@Deftil,
A question can only be relevant to the answer desired, else why ask the question at all! Questions are transient as there can be no definitive question or answer, because life is transient.
Who am I? causes much argument because it is open ended, and invites as many answers as there are recipients of the question.
What am I? Allows a more definitive answer, i.e. a finite living-being conscious of my environment and responding to it. As is true of all living things.
Why am I? Allows the most meaningful answer to our existence because in the fabric of life each thread can be seen, and its part in the overall construction of the tapestry understood.
From the waters of the oceans and its inhabitants to the ground of the land and its inhabitants, the womb to produce the offspring that is human was fertilized.
Why then was humankind born, when the pre-existing life of Earth patently had no need of humanity for its continued survival?
The answer lies in what that birth produced that no other birth
could produce:
Earth's ability to become self-aware through higher conscious for the first time.
As Earth's consciousness matures it is no surprise that its potential is only held back by the constraints of ego, vanity and greed.
We realize these limitations individually as we mature from child to juvenile to adult.
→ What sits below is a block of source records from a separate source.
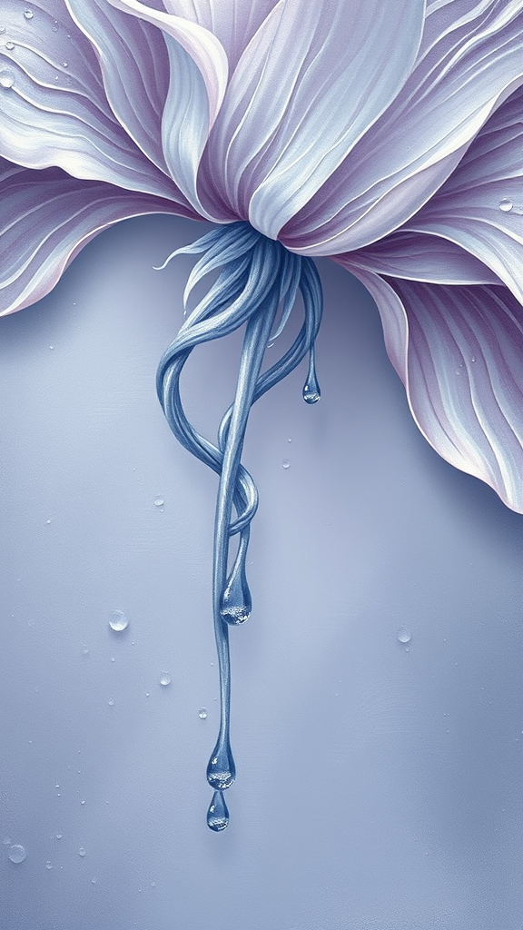 Surrealist painting depicting delicate water droplets cascading down the twisting stem of a flower, blending seamlessly with elements of Picasso’s surrealism. The scene features melting and intertwining materials, rendered in soft silver and light purple hues. Intricate layers create a dreamlike texture, capturing an ethereal balance between fluidity and structure, with a sense of perpetual transformation.
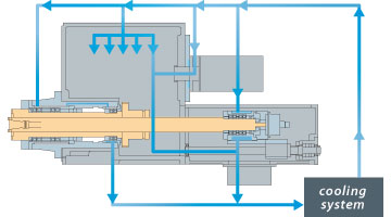 All series is equipped with a spindle oil cooler and cooling jacket, the temperature-regulated volume of cooling oil automatically maintain the temperature of bearings, motor, and gears within precisely defined range which effectively reduce the spindle thermal deformation thus achieving higher machining accuracy.
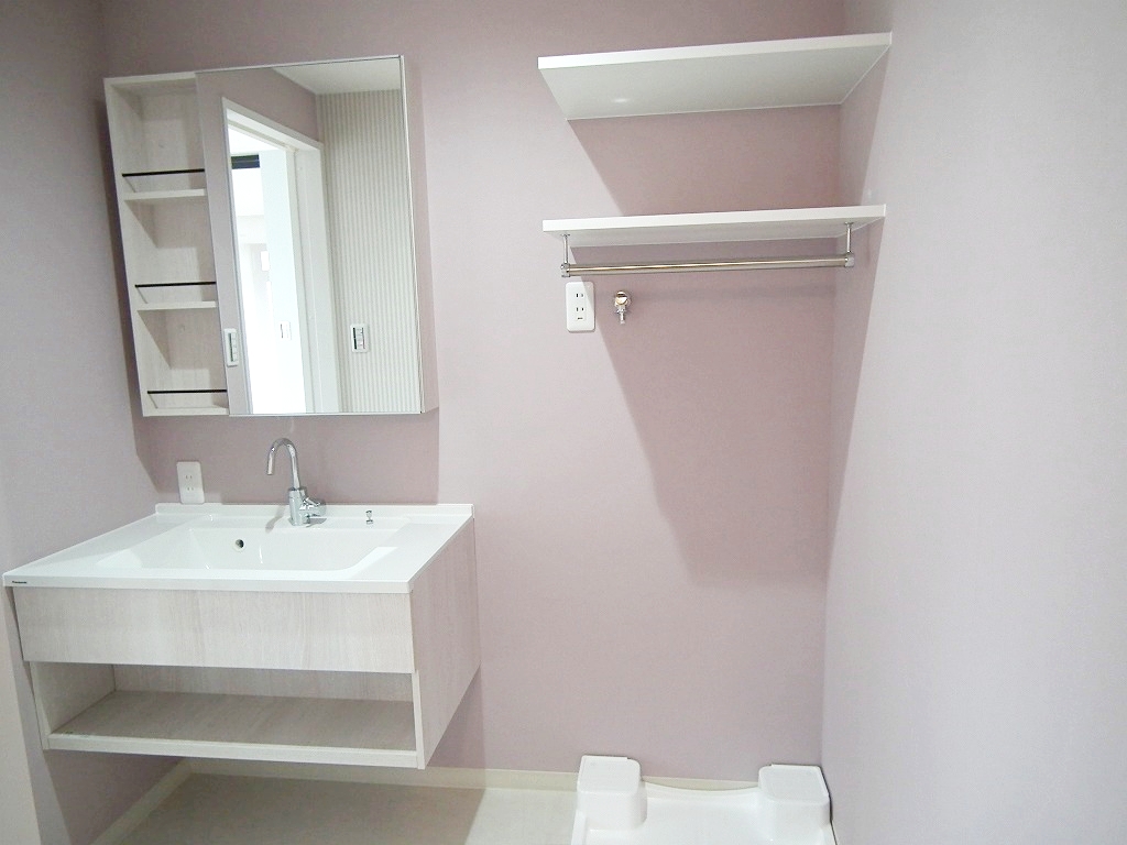 洗面脱衣所とお風呂場はクロスを淡いピンク色を採用され、優しい空間となりました。
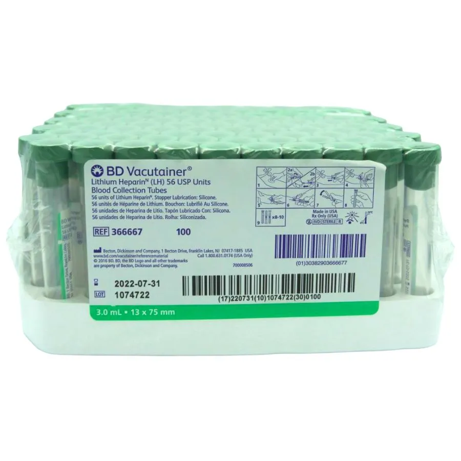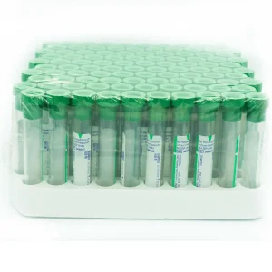Heparina de litio 3.0 ml 13 x 75 mm, tubo de plástico con Heparina tienen heparina de sodio o de litio aplicada por aspersión. Se utilizan para determinaciones de química clínica en plasma (urgencias), hematología (fragalidad osmótica)

Free will allows these constraints; it also allows us the ability to break the chains that bind us to the short-term results of such pursuits.
But there is a time limit to what our common body can endure.
If it is overcome by the cancerous actions of malignant thought, then we will lose our common body's ability to support consciousness and we
will die, killing each other for what is left of the resources that once supported us in abundance.
This is not doomsday bell ringing and if any part of what I've said is untrue you will know it, and dismiss it accordingly.
But if the premise rings true then you will know that the power to alter thought is held by you, and that what you think is what will be.